I’m stuck on what to write about for the blog, as I am in a sea of stories, vignettes, ideas, chapters, tabs, notebooks, note-cards, and a new storyboard on the actual wall. But this quote by Allen Ginsberg I found in my writing notebook is saying something to me in some kind of poetry, about my current life as of now and how it feels and how the creation of the book grows, and so on. So I am going to free-write a poem about Ginsberg’s quote, which is this:

“Without even intending it, there is that little shiver of a moment in time preserved in the crystal cabinet of the mind. A little shiver of eternal space. That’s what I was looking for.”

–Allen Ginsberg



When I look at it, when I word what I’m looking for,

it vanishes. Once I get to the word “looking”

I see the tail end of its nightgown moving as if underwater

rounding the corner or entering a door, carrying away

the simplest sentence I have chased all this time.

The words, the connections, move but also elude me.
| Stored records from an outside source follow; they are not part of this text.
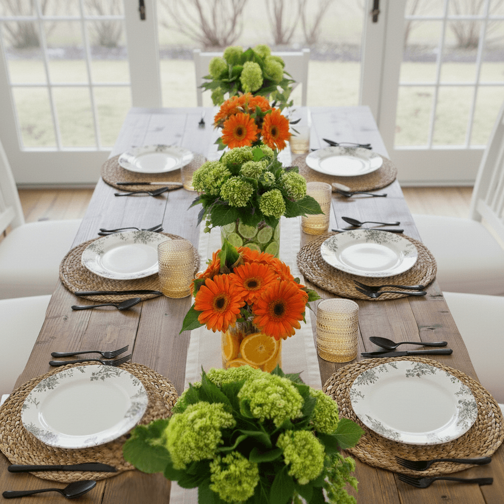 Celebrating Tu Bshvat, I envisioned a tablescape that felt like an indoor orchard, bursting with life! I started with the warm, rustic wood of the table as my base, then layered vibrant oranges and lush greenery to capture the essence of the days promise of new beginnings.
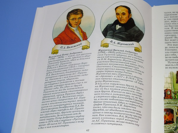Помимо основного текста в книге есть биографии всех его друзей и других людей, связанных каким либо образом с Александром Сергеевичем. Они не такие объемные, но в целом дают представление о человеке. Я думаю, тоже пригодятся в школе (вне темы Пушкина - Карамзин, Баратынский, Жуковский, Вяземский и другие).
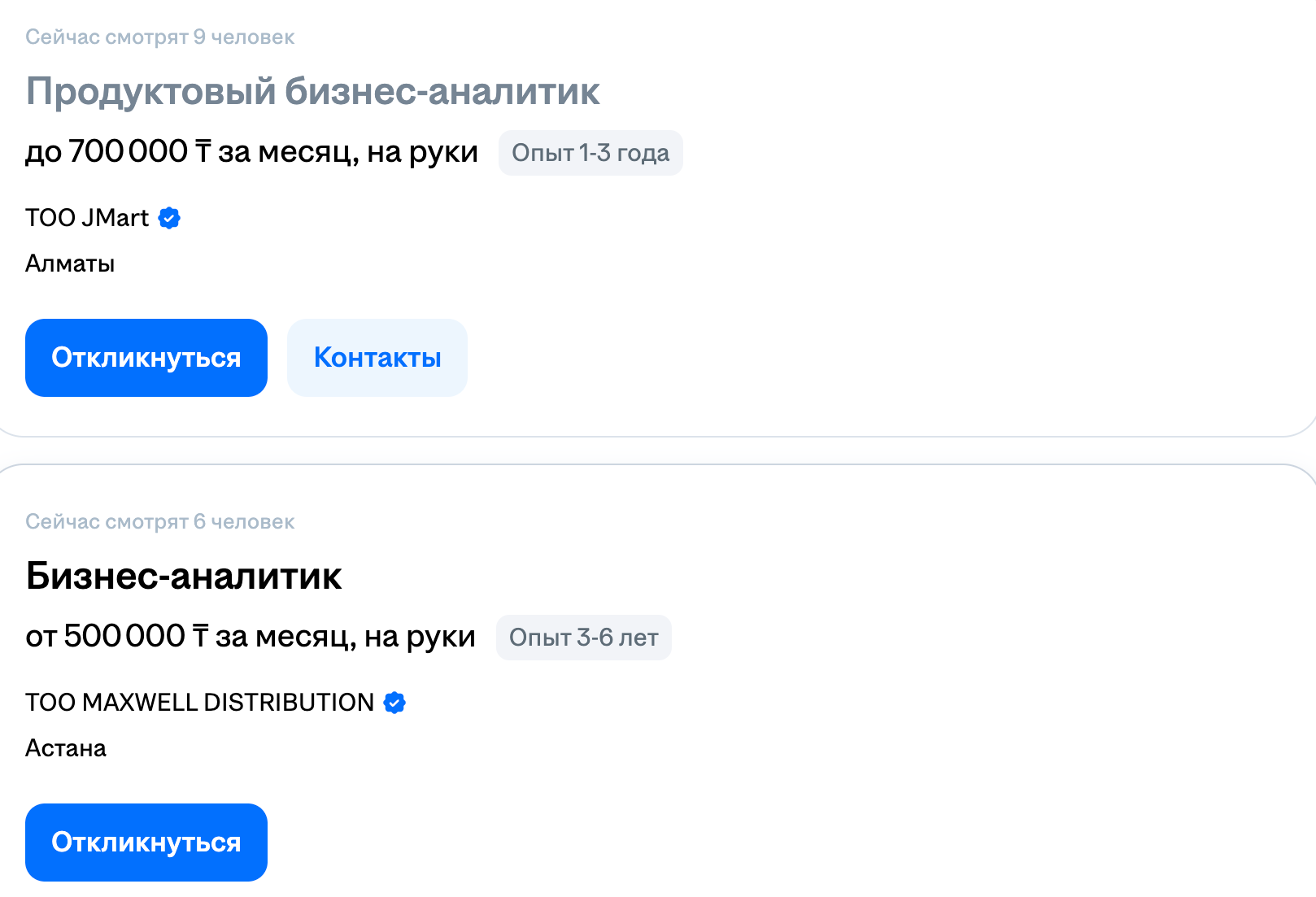 Data Analyst может получать больше, если развивается сразу в нескольких специальностях. Источник: hh.kz
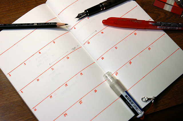 スケジュール帳は一ヶ月スクエアに限る 週間スケジュール手帳を強引に使ってきましたが。やっぱり駄目でした。一ヶ月がひとめで判るものでないと!この時期に理想的なスケジュール手帳を探すのは困難なので、とりあえず来年の手帳が出回るまでの半年間を手作りで過ごすことにしました。ベースはミドリのトラベラーズノート、無地ノートを使用しています。罫線は間違っても消せるようにとフリクションボールを使って引いています。ただ、これだとスケジュール書いても消しゴムでこすっちゃうと罫線も消えちゃうんですよね(苦笑) [1回] コメント コメントを書く コメントを書く コメント送信
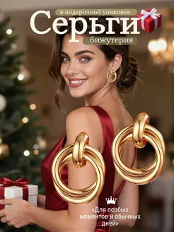 Серьги крупные под золото стильные новогодние OLD MONEY
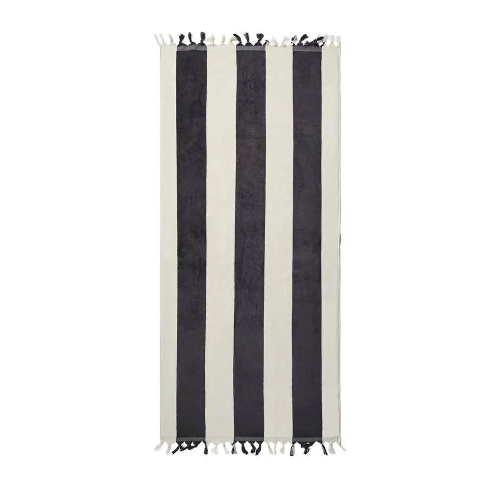 Ontdek de VINGA Valmer strandhanddoek, een luxe katoenen strandlaken met kwastjes aan de korte zijden, ideaal voor ontspannen dagen aan het strand of zwembad. Gemaakt van hoogwaardig katoen met een dikte van 450 g/m², biedt deze handdoek superieure absorptie en zachtheid voor optimaal comfort. De afmeting van 80 x 180 cm zorgt voor royale dekking, terwijl het OEKO-TEX® STANDARD 100-certificaat garant staat voor huidvriendelijkheid en milieubewuste productie.
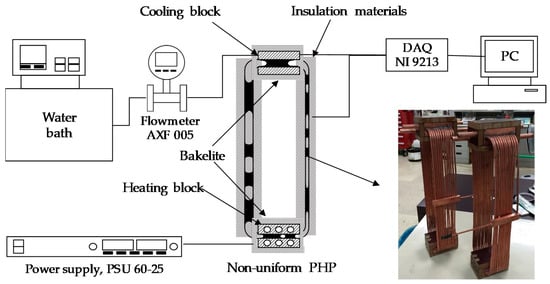 The schematic of the non-uniform experimental apparatus is shown in Figure 2. The experimental setup consists of evaporator, condenser, water bath (YOTEC Instrument Corporation, Taiwan, model B20), direct current power supply, magnetic flowmeter, data acquisition module, and a non-uniform 3D-PHP. DC power supply contains a rated output voltage 60 V with accuracy of ±0.12 V; a rated output current 25 A with accuracy being ±0.075 A; and a maximum output power of 1500 W (Good Will Instrument Corporation, Taiwan, model PSU 60-25). A magnetic flowmeter with accuracy 0.35% and measurable range 0–12.8 L/min is used (Yokogawa Electric Corporation, Japan model AXF-005). Temperature acquisition module is used with a maximum measurement range of ±78 mV, sampling rate of 75 samples/s, and a 24-bit analog to digital converter (National Instrument Corporation, United States, model NI-9213). The evaporators were made of copper block (50 mm × 70 mm × 15 mm), and having six electronic heaters with a total equivalent resistance of 3 Ω. The condenser was made of copper block (50 mm × 70 mm × 15 mm) with volumetric flow rate of 1.25 L/min, and an inlet temperature of 50 °C. The objective of this study is to develop a passive solution for PHP upon high-flux applications. The test conditions mainly refer to the specifications from relevant manufacturers of next generation network switches. Note that the startup temperature is comparatively high, but it is not uncommon. In the meantime, the total input electric power is 811 W subject to an area of 67 mm × 67 mm, and the maximum temperature of system must be controlled below than 110 °C in an ambient temperature of 50 °C.
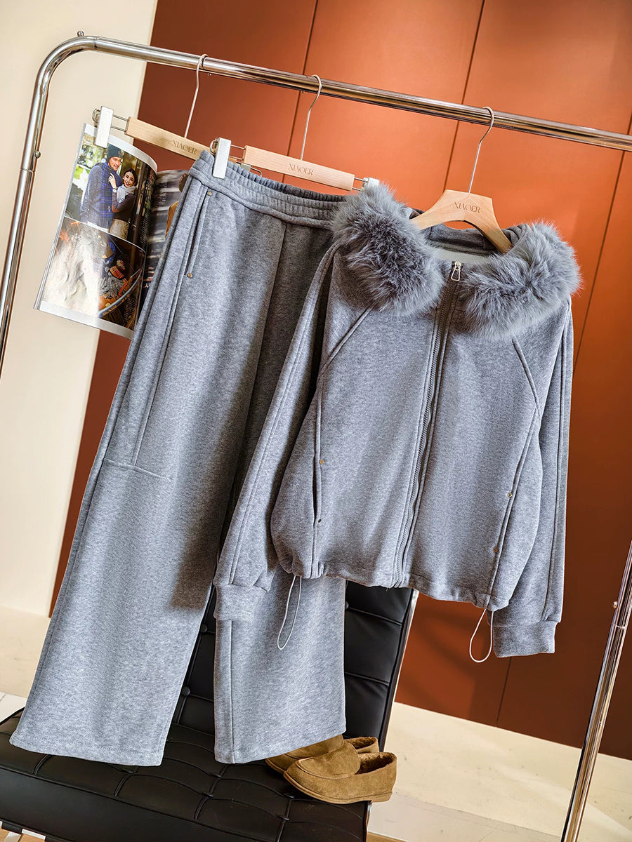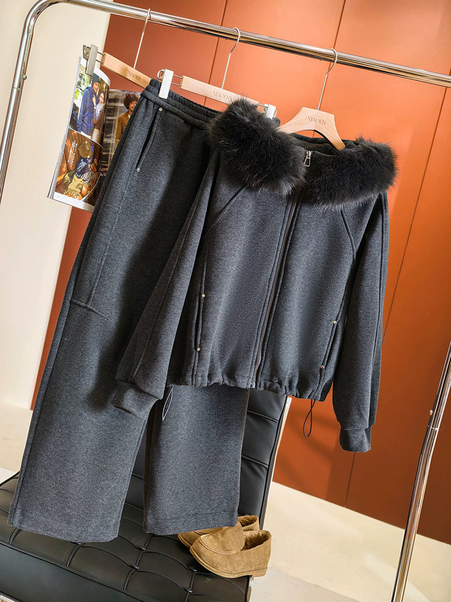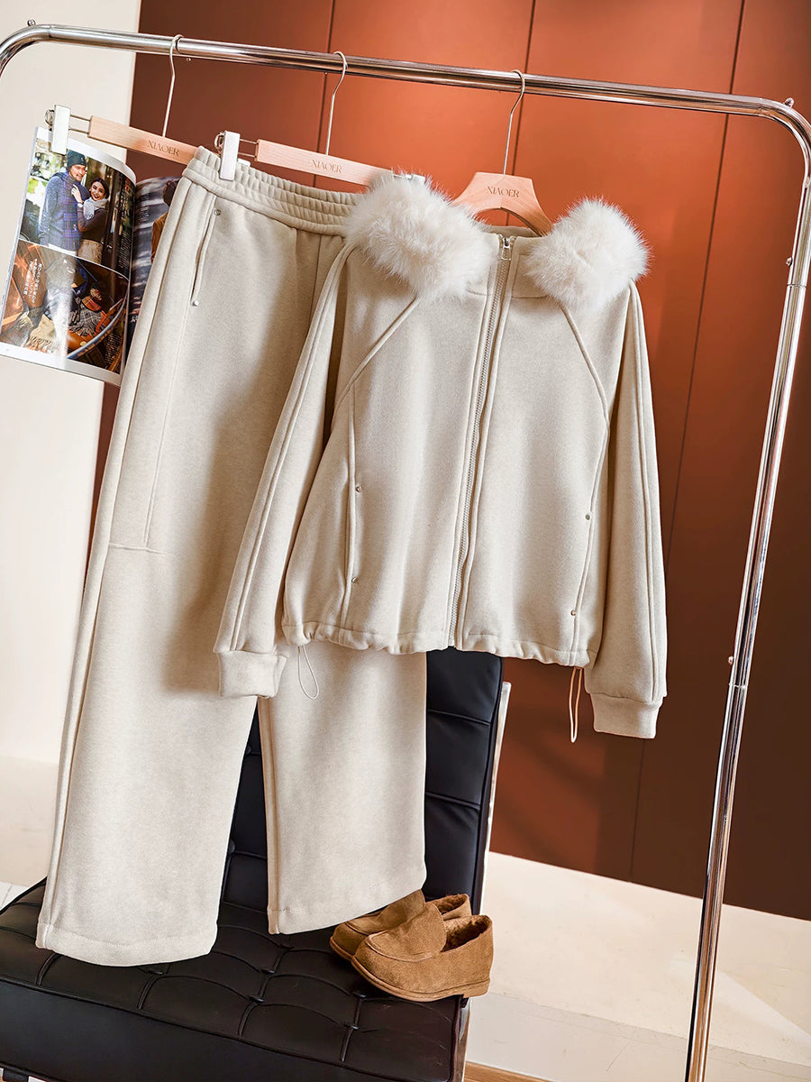 بدلات شتوية نسائية كاجوال بألوان سادة مزودة بغطاء للرأس
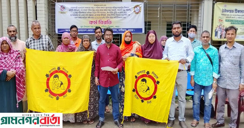 বাংলাদেশ হেলথ এসিস্ট্যান্ট অ্যাসোসিয়েশন ষোষিত কর্মসূচির অংশ হিসেবে ছয় দফা দাবি আদায়ের লক্ষ্যে সারাদেশের ন্যায় বগুড়ার নন্দীগ্রামেও গত বুধবার থেকে অনিদিষ্টকালের কর্মবিরতি শুরু করেছেন স্বাস্থ্য সহকারীরা।
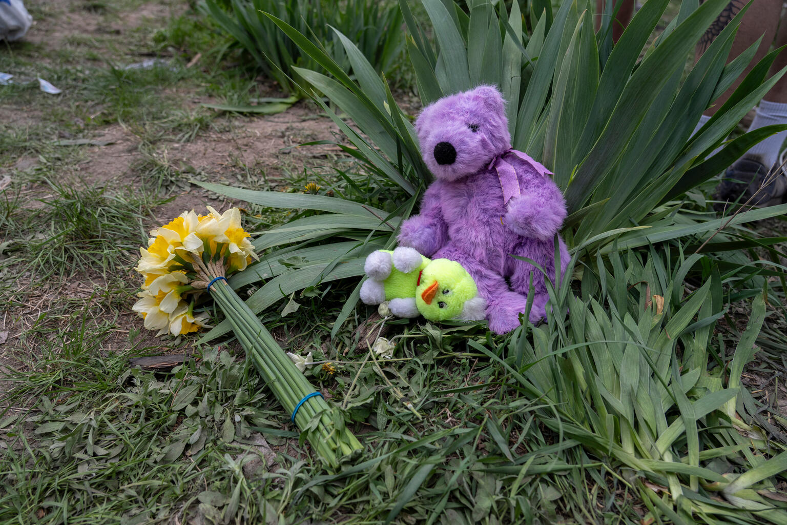 ミサイル攻撃の現場近くに供えられた花束とぬいぐるみ。早朝の住宅街への攻撃により、子ども3人を含む12人が死亡した(ウクライナ、2025年4月24日撮影)

Like treasures

in lush green grass I get intoxicated like Sarah

in Jareth’s labyrinth, time escaping, all wrapped up by

oddities, curiosities, layers, touch, sight, smell, test.


So I go back.


Shivers of moments. Shimmers. Light. Slivers. I see Chekhov freshly pressed in Times New Roman:

“Don’t tell me the moon is shining; show me the glint of light on broken glass.”

I carry so many shivers, gathering them in my notebooks and poems,

quick jots, so that I may take it to the keyboard and write the vignette–

the cut-out of my heart.


All these pieces are from one broken mirror, its large pieces

splintered; sharp diamonds reflecting the night sky overhead.

I near the broken mirror barefoot in the grass, and the pieces

look like speckled seas I could dip my toe in, then maybe my limbs and body

and then under into the cool diamond-studded water;

so deep is the purpose of my reflection

that it too eludes me–

the water, the night reflecting myself

contains universes, black holes and dwarf stars,

death stars and gases and vacuums

and molecules and atoms

and the graveyard for stars.


The purpose.

The purpose of the words? To reveal the shiver,

so shaken that words lose sound and then form.

To reveal the shiver–the trembling, clearest point

of guts and instinct and longing, pain, and beauty.

To reveal the shiver–which is ourselves.